**ABOUT THIS EXERCISE**
The line containing "邯郸 科技职业学院2023届优秀毕业生公示名单" marks the start. Restate it and every following line through the end of the records exactly, and nothing else, leaving out the pictures.

(Stored records)
== Segment start ==
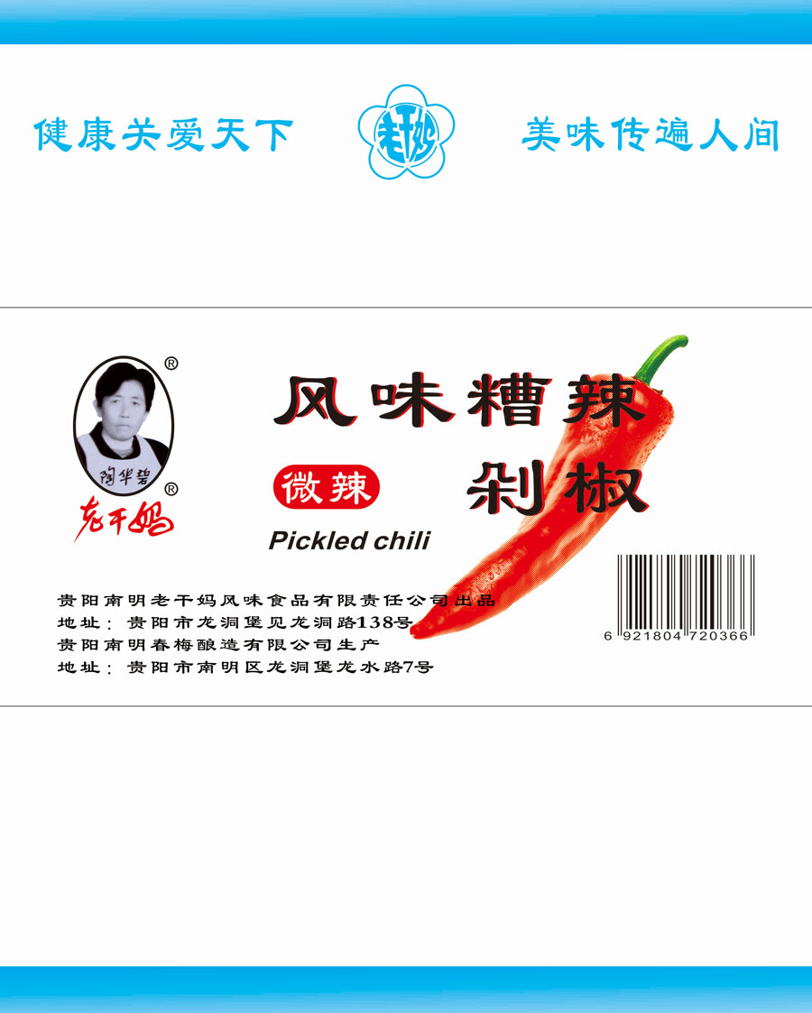 主要產(chǎn)品:老干媽牌油辣椒系列(油辣椒、風(fēng)味豆豉、香菇、精制牛肉末豆豉、辣三丁、香辣脆、干煸肉絲、風(fēng)味雞、肉絲豆豉)、火鍋底料(糟辣椒/植物油)、香辣醬、下飯菜、拌飯醬、風(fēng)味水豆豉、紅油腐乳、風(fēng)味腐乳、香辣菜、風(fēng)味糟辣剁椒(中辣/微辣)、姜蒜糟辣剁椒、番茄辣醬
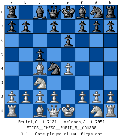 Last move : 0-1 2016 March 21 6:51:38 [Event "FICGS__CHESS__RAPID_B__000238"] [Site "FICGS"] [Date "2016.02.15"] [Round "1"] [White "Bruini,Andrea"] [Black "Velasco,Jose Maria"] [Result "0-1"] [WhiteElo "1712"] [BlackElo "1795"] 1.e4 c5 2.Nc3 Nc6 3.Bb5 Nd4 4.Bc4 e6 0-1 This chess game has been lost on time (started : 2016.02.15 9:4:18) Sicilian : Closed, 2...Nc6 Player Black won this chess game. Follow this game move after move (download)Capture of the adverse King is the ultimate but not the first object of the game. (William Steinitz) Die Auseinandersetzung mit Karpow war politisch geprägt. Er stand für das kommunistische System, wurde von dessen Repräsentanten gehätschelt. Ich war der Oppositionelle. Jeder Schachweltmeister spiegelt auch die gesellschaftlichen Verhältnisse wider. Kramnik steht für die Börsen-Generation des Neuen Markts, ideologiefrei, zahlenfixiert. (Garry Kasparov) No puedes jugar al Ajedrez si eres de corazón noble. (Proverbio Francés) Un journaliste : 'Vous préférez avoir une dame de plus sur l'échiquier ou au lit ?' Boris Spassky : 'Ca dépend de la position.' My poor ole parrot... Is not in the circulation of displays ....poo hoo hoo :) (Wayne Lowrance's enigma)
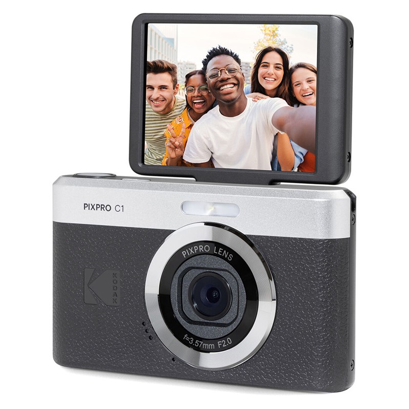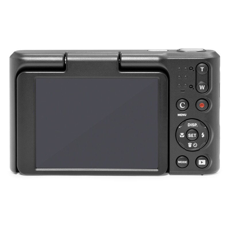 Kameraet har indbygget blitz samt en 2,8" LCD-skærm, der kan vippes 180°, hvilket gør den ideel til selfies eller optagelser fra alle vinkler.
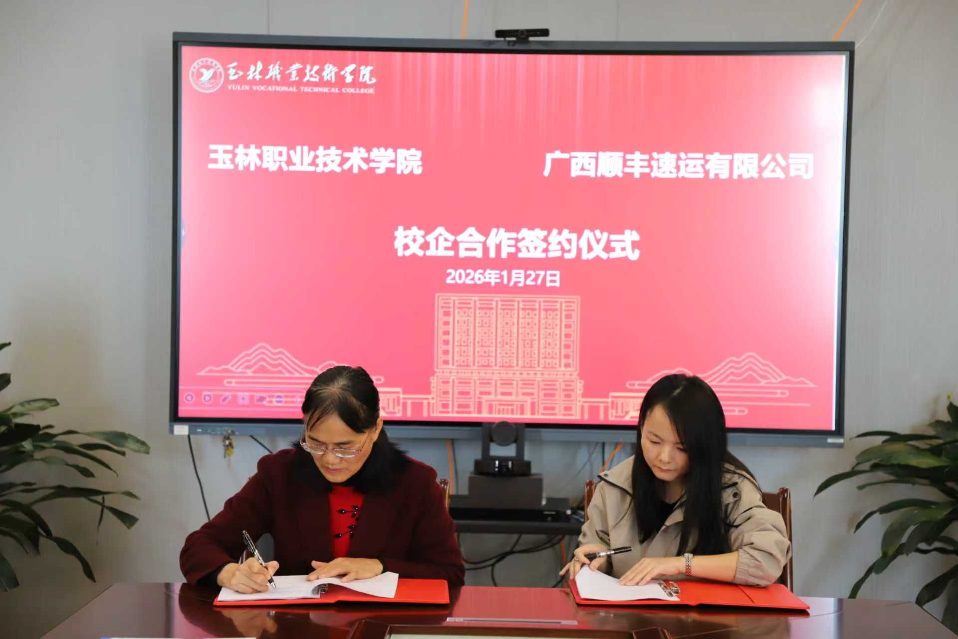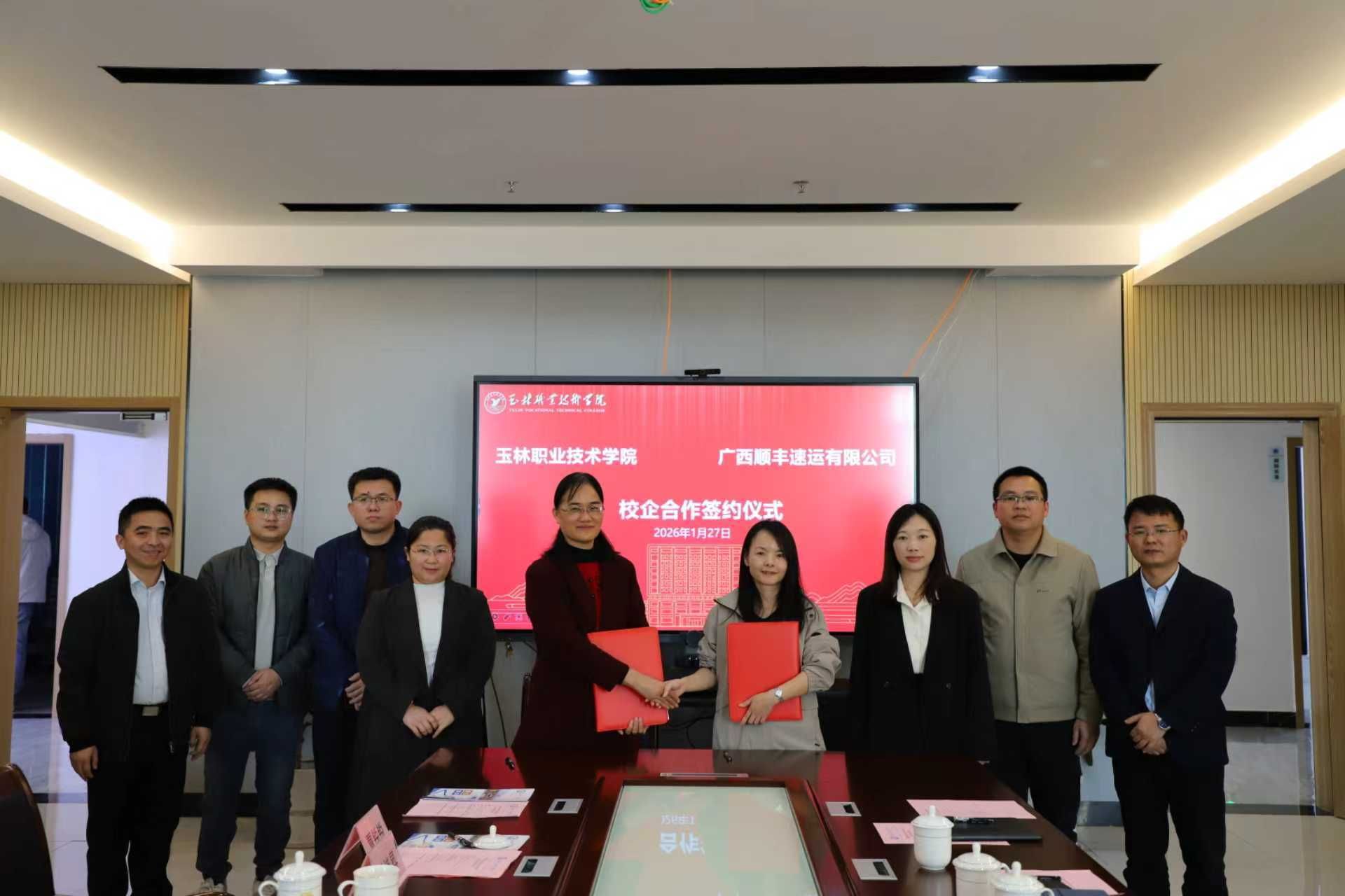 1月27日,玉林职业技术学院与广西顺丰速运有限公司校企合作协议签约仪式在学院综合楼隆重举行。广西顺丰速运有限公司校企合作负责人何梅香、人力资源负责人潘婷婷,玉林职业技术学院副院长刘焕兰,以及教务处、产教融合与社会服务中心等主要负责人出席仪式。
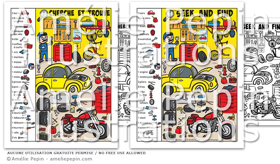 L'enfant cherche et trouve les éléments de la liste dans l'illustration. Les éléments à trouver sont illustrés pour aider l'enfant à apprendre leur nom.
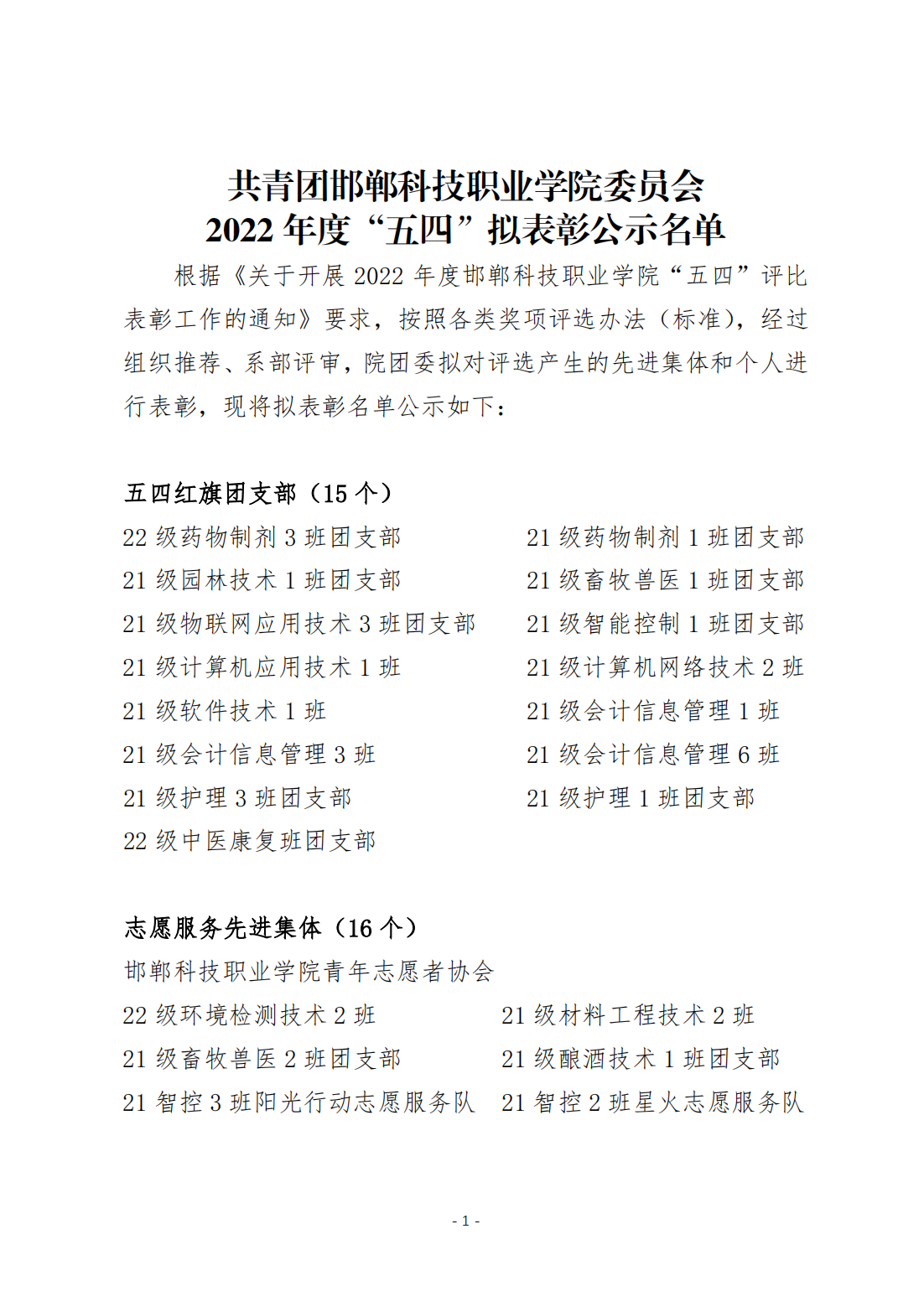 邯郸 科技职业学院2023届优秀毕业生公示名单
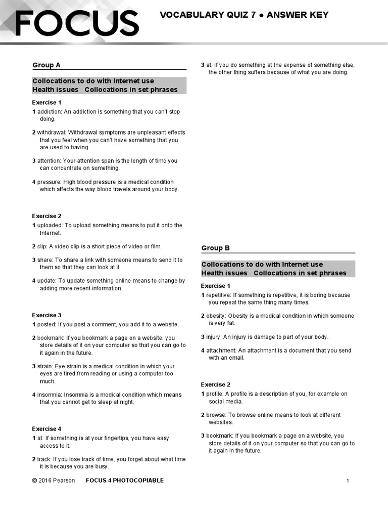 Focus On Vocabulary 1 Student Book Answer Key.
== Segment end ==
**EXERCISE ANSWER**
 邯郸 科技职业学院2023届优秀毕业生公示名单
 Focus On Vocabulary 1 Student Book Answer Key.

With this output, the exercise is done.